The model works as follows and heavily relies on the PanelMatching
package, available at https://CRAN.R-project.org/package=PanelMatch:
More information can be found about the model in the following links:
With the climate change crisis being a global threat, countries have been working together to help slow and reverse the impacts of rising greenhouse gas emissions. Multiple mitigation efforts have been used including research and development, carbon pricing, and clean energy standards, just to name a few.
Our model focuses on carbon pricing policies, which can be broken down into two sub-categories: carbon tax and emissions trading systems (ETS). This will be our main independent variable (X). And since we are trying to find the relationship between carbon pricing policies and greenhouse gas emissions, total greenhouse gas emissions will naturally be our dependent (y or outcome) variable. To create a more accurate model, covariates will also be used, and these include GDP per capita, population, and fertility rates. The model can benefit from even more covariates, but further refinements to the above described model will be left for future studies.

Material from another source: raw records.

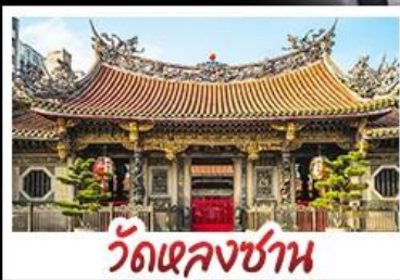
วัดเจหลงซาน
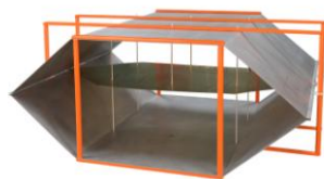
TEM 220 TEM 500
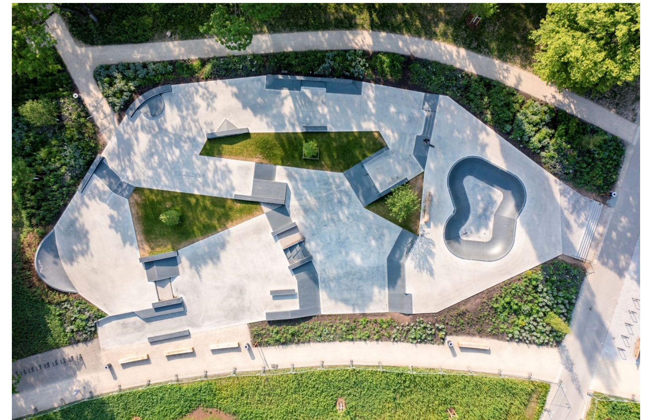
Nördliche Geraaue - Skateanlage Nordpark
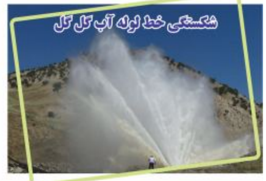
شکستگی خط لوله آب گل گل
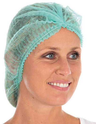
Visuel de référence : charlotte à clipser PP Light, vert
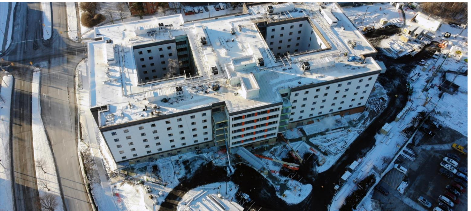
Entrada principal del nuevo centro con un pasillo cubierto y lugares para estacionar (3 de enero de 2022)

Durante esta fase final de construcción, se llevará a cabo la limpieza del lugar y es posible que haya algunas molestias sonoras. Continuamos agradeciendo a todas las personas que residen en el área inmediata del lugar de la obra por su paciencia y comprensión.
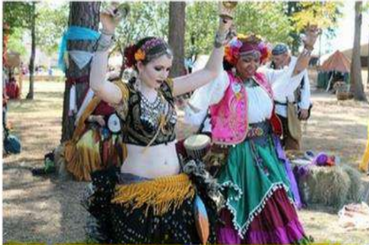
Koşullar ne olursa olsun, dansı, müziği ve eğlenceyi yaşam biçimi olarak gören çingenerler, neşeli hayatlarından taviz vermeyen bir topluluk

Tarih kayıtlarının Çingenerden bahsettiği ilk zamanlardan bu yana, merakın odağı haline gelmişler ve hem popüler kültürün hem de akademik çalışmaların en çok ilgi çeken konularından biri olmuşlar.
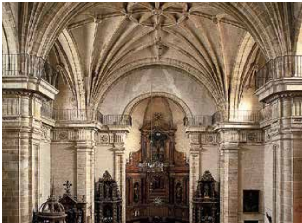
Aldarea dagoen lekua presbiterioa da. Ermuan, esaterako, egurrezko erretaula ikusgarri bat dago, barrokoa, zutabe salomondarrez osatutako egitura duena.

zuten pupitre edo estradoan izan dezake sorrera. Anboia kentzearekin batera, pulpituak sortu zen, eskeko fraideek sustatua, hasieran zerupean egiten zuten predikaziorako erabilia eta azkenean elizara sartu zutena, hobeto entzun ahal izateko nabearen erdian jarriz. Jadanik ez zen "hitzaren" lekua, sermoi eta eliztarren debozioetakoa baizik. Anboia ondo ikusteko eran egon behar da, batzarraren ahal denik eta zatirik handiena bere aurrean izanik. Hobe da bakarra izatea, nahiz eta zenbait

Note that we will use the year of the first carbon pricing policy introduced in a country as the benchmark for treatment. For example, if a country implemented multiple carbon pricing policies varying across a time span, we will use the first date as the treatment implementation date.
library(ggplot2)
library(tidyverse)
## ── Attaching packages ─────────────────────────────────────── tidyverse 1.3.0 ──
## ✓ tibble 3.0.3 ✓ dplyr 1.0.2
## ✓ tidyr 1.1.2 ✓ stringr 1.4.0
## ✓ readr 1.3.1 ✓ forcats 0.5.0
## ✓ purrr 0.3.4
## ── Conflicts ────────────────────────────────────────── tidyverse_conflicts() ──
## x dplyr::filter() masks stats::filter()
## x dplyr::lag() masks stats::lag()
library(tidyr)
library(dplyr)
library(readxl)
library(reshape2)
##
## Attaching package: 'reshape2'
## The following object is masked from 'package:tidyr':
##
## smiths
library(plyr)
## ------------------------------------------------------------------------------
## You have loaded plyr after dplyr - this is likely to cause problems.

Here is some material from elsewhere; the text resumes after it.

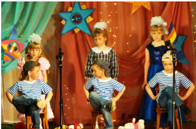
Шуточный танец "Хулиганы" (детский сад № 2).

В районном центре культуры двадцатого мая выступали самые юные жители нашего села - воспитанники детских садов райцентра. Это был своеобразный отчетный концерт - фестиваль детского музыкального творчества "Маленькая страна", в котором дошколята вместе со своими музыкальными руководителями показали все, чему они научились за этот учебный год.
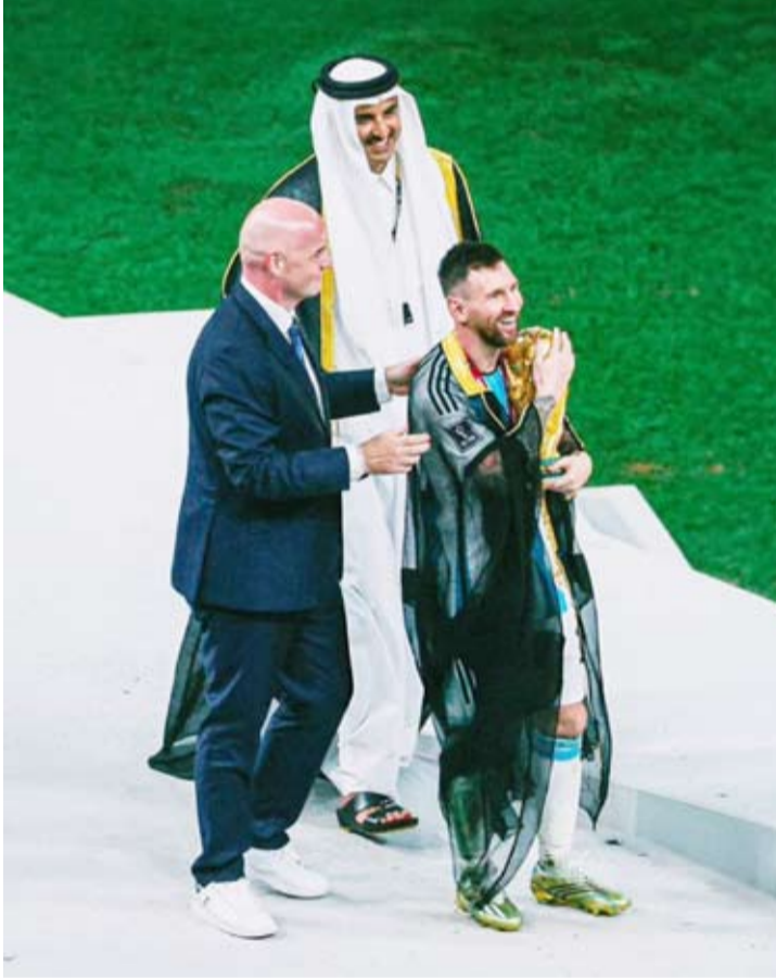
ميسي حمل آخر نسخة من كأس العالم في قطر

ويدير الاتحاد الدولي سوقاً خاصة لإعادة البيع ويحصل على نسبة 15 في المائة من كل من البائع والمشتري. وقال إنفاغنتينو في بنابر إن طلبات التذاكر كانت مذهلة وتعادل طلبات ألف عام من كؤوس العالم دفعة واحدة ودافع عن نشاط إعادة البيع، معتبراً إياه نشاطاً تجارياً قانونياً بموجب القانون الأميركي رغم مخاوف جماهيرية وشكاوى قدمت للمفوضية الأوروبية بشأن التكاليف المرتفعة.

## If you need functions from both plyr and dplyr, please load plyr first, then dplyr:
## library(plyr); library(dplyr)
## ------------------------------------------------------------------------------
##
## Attaching package: 'plyr'
## The following objects are masked from 'package:dplyr':
##
## arrange, count, desc, failwith, id, mutate, rename, summarise,
## summarize
## The following object is masked from 'package:purrr':
##
## compact
library(PanelMatch)
carbon_price <- read.csv('carbontax_policies.csv')
head(carbon_price, 10)
climate_indicators <- read.csv('climatechangeindicatorsdata.csv')
head(climate_indicators)
legend <- read.csv('indicatorslegend.csv')
head(legend)
temperature <- read.csv('GlobalLandTemperaturesByState.csv')
head(temperature)
ghg <- read.csv('GHG.csv')
head(ghg)
policies <- read.csv('laws_and_policies_global.csv')
head(policies)
gdp <- read_csv('GDPPC.csv')
## Parsed with column specification:
## cols(
## Entity = col_character(),
## Code = col_character(),
## Year = col_double(),
## `GDP per capita` = col_double(),
## `145446-annotations` = col_logical()
## )
## Warning: 21 parsing failures.
## row col expected actual file
## 19635 145446-annotations 1/0/T/F/TRUE/FALSE United States, Canada, Australia and New Zealand 'GDPPC.csv'
## 19636 145446-annotations 1/0/T/F/TRUE/FALSE United States, Canada, Australia and New Zealand 'GDPPC.csv'
## 19637 145446-annotations 1/0/T/F/TRUE/FALSE United States, Canada, Australia and New Zealand 'GDPPC.csv'
## 19638 145446-annotations 1/0/T/F/TRUE/FALSE United States, Canada, Australia and New Zealand 'GDPPC.csv'
## 19639 145446-annotations 1/0/T/F/TRUE/FALSE United States, Canada, Australia and New Zealand 'GDPPC.csv'
## ..... .................. .................. ................................................ ...........
## See problems(...) for more details.
head(gdp)
population <- read_csv('population.csv')
## Parsed with column specification:
## cols(
## .default = col_double(),
## `Country Name` = col_character()
## )
## See spec(...) for full column specifications.
head(population)
fertility <- read_csv('fertility.csv')
## Parsed with column specification:
## cols(
## Entity = col_character(),
## Code = col_character(),
## Year = col_double(),
## `Fertility rate (Select Gapminder, v12) (2017)` = col_double()
## )
head(fertility)
#Clean Data
# Selecting carbon pricing policies that have been implemented or abolished, remove under consideration countries
carbon_price <- carbon_price[which(carbon_price$Status %in% c('Implemented', 'Abolished')), ]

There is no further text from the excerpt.